Boeing Co. is making deeper job cuts in its commercial airplane business and planning further reductions for 2017, citing “fewer sales opportunities and tough competition.”
The US planemaker will trim the workforce in its largest division by 8 percent by the end of this year compared with the January level, Boeing Vice Chairman Ray Conner and Kevin McAllister, chief executive officer of the jetliner unit, said in a memo to employees Monday. That implies a reduction of about 6,600 jobs based on employment on Jan. 28. In March, the company said it expected to cut 4,000 by midyear.

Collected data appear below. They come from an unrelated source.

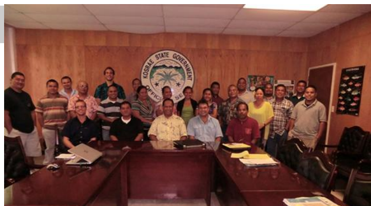
Photo: Workshop trainers and participants in Kosrae, Federated States of Micronesia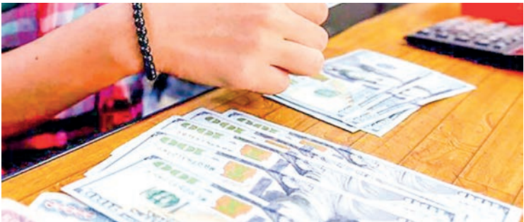
The US dollar exchange rate has steadied following the CBM’s announcement, allowing for free trading at market prices.

50 million baht to importers. CBM sold over $1.62 million on 13 May and over $820,000 and 1.5 million baht on 12 May.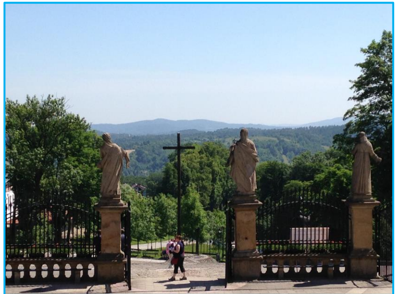
Left: Young people pray the Stations of the Cross at the Calvary Monastery (Kalwaria Zebrzydowska) in Poland Right: Kalwaria Zebrzydowska - a popular pilgrimage and retreat centre in Poland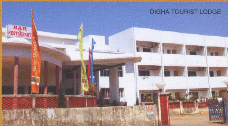
DIGHA TOURIST LODGE

Local Transport : Un-metered taxis, auto-rickshaws and rickshaws are easily available for local transport.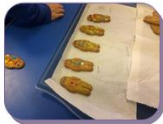
Decorating gingerbread men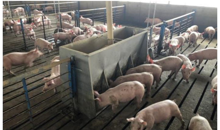
Typical Feeder & Water Cup in Site 1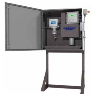
Enclosure with Stand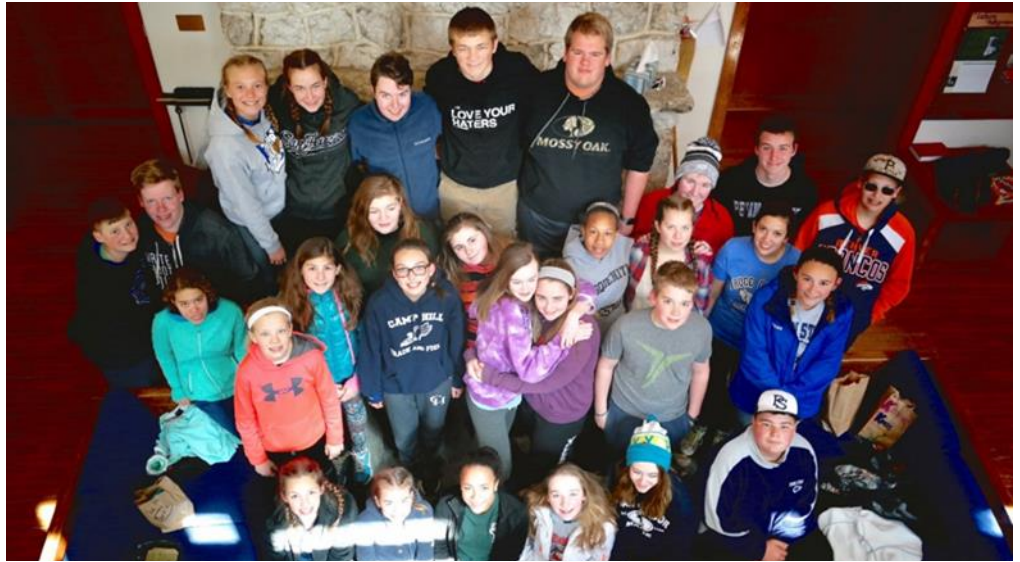
Here's our awesome Youth Group at its April Spring Retreat at Camp Nawakwa. YG is always looking for more youth to join in. Come out with your friends on Sunday, May 1, from 6-8:30 pm for YG Outside Nite. Keep updated by visiting http://www.trinitycamphill.org/YG/index.htm .

Boeing and Airbus Group SE have been streamlining their operations as dwindling airplane sales heighten concern that the aerospace industry is slipping into a down cycle. The U.S. planemaker said earlier this month that it would slow production of the 777, one of its biggest moneymakers, in August 2017 even after a previously announced reduction in output takes effect next month. “We will need to continue to reduce the size of our workforce next year,” Conner and McAllister said. While some cuts will come from attrition, voluntary layoffs and leaving open positions unfilled, “we may also need to use involuntary layoffs.”
Boeing rose 1.2 percent to $156.40 at 2:28 p.m. in New York. The shares climbed 6.9 percent this year through Dec. 16, trailing the 10 percent gain for the S&P 500 Index.

‘Working Aggressively’
There is no specific target for the number of 2017 job cuts, a spokesman for Chicago-based Boeing said. This year’s reductions include a 10 percent reduction in executives and managers, said Conner and McAllister. Boeing is also “working aggressively” to trim non labor costs, they said.

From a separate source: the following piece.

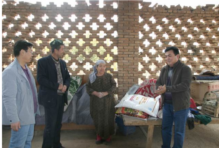
Picture 3-5 Turpan Civil administration staffs visit affected valuable groups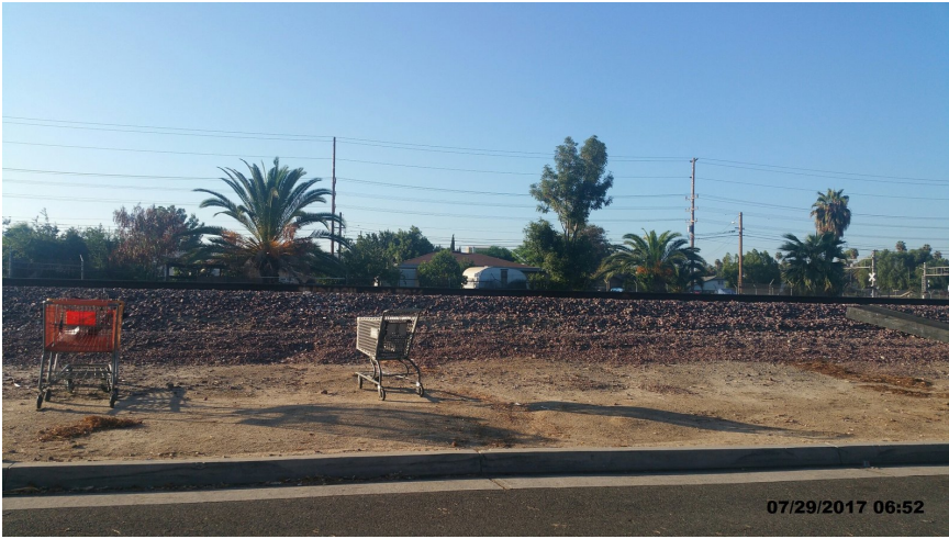
View across street

McAllister became the first outsider to run the commercial airplane unit last month, joining Boeing company from General Electric Co. He succeeded Conner.

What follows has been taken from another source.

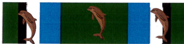
Figure 6. 4 th Deed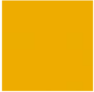
Gold yellow RAL 1004

Production of the 777 will slow to five aircraft a month starting in August 2017 and some jobs will have to be eliminated, Boeing told employees last week. The latest cut came as suppliers were already girding for a previously announced slowdown to a monthly pace of seven jets at the start of next year. Boeing currently makes the wide-body planes at an average pace of 8.3 a month.
Demand for twin-aisle jets has been sapped by a glut of used Boeing 777 and Airbus A330 models. Cheap oil and economic turmoil give airlines less incentive to trade in middle-aged models for pricey new fuel-efficient ones.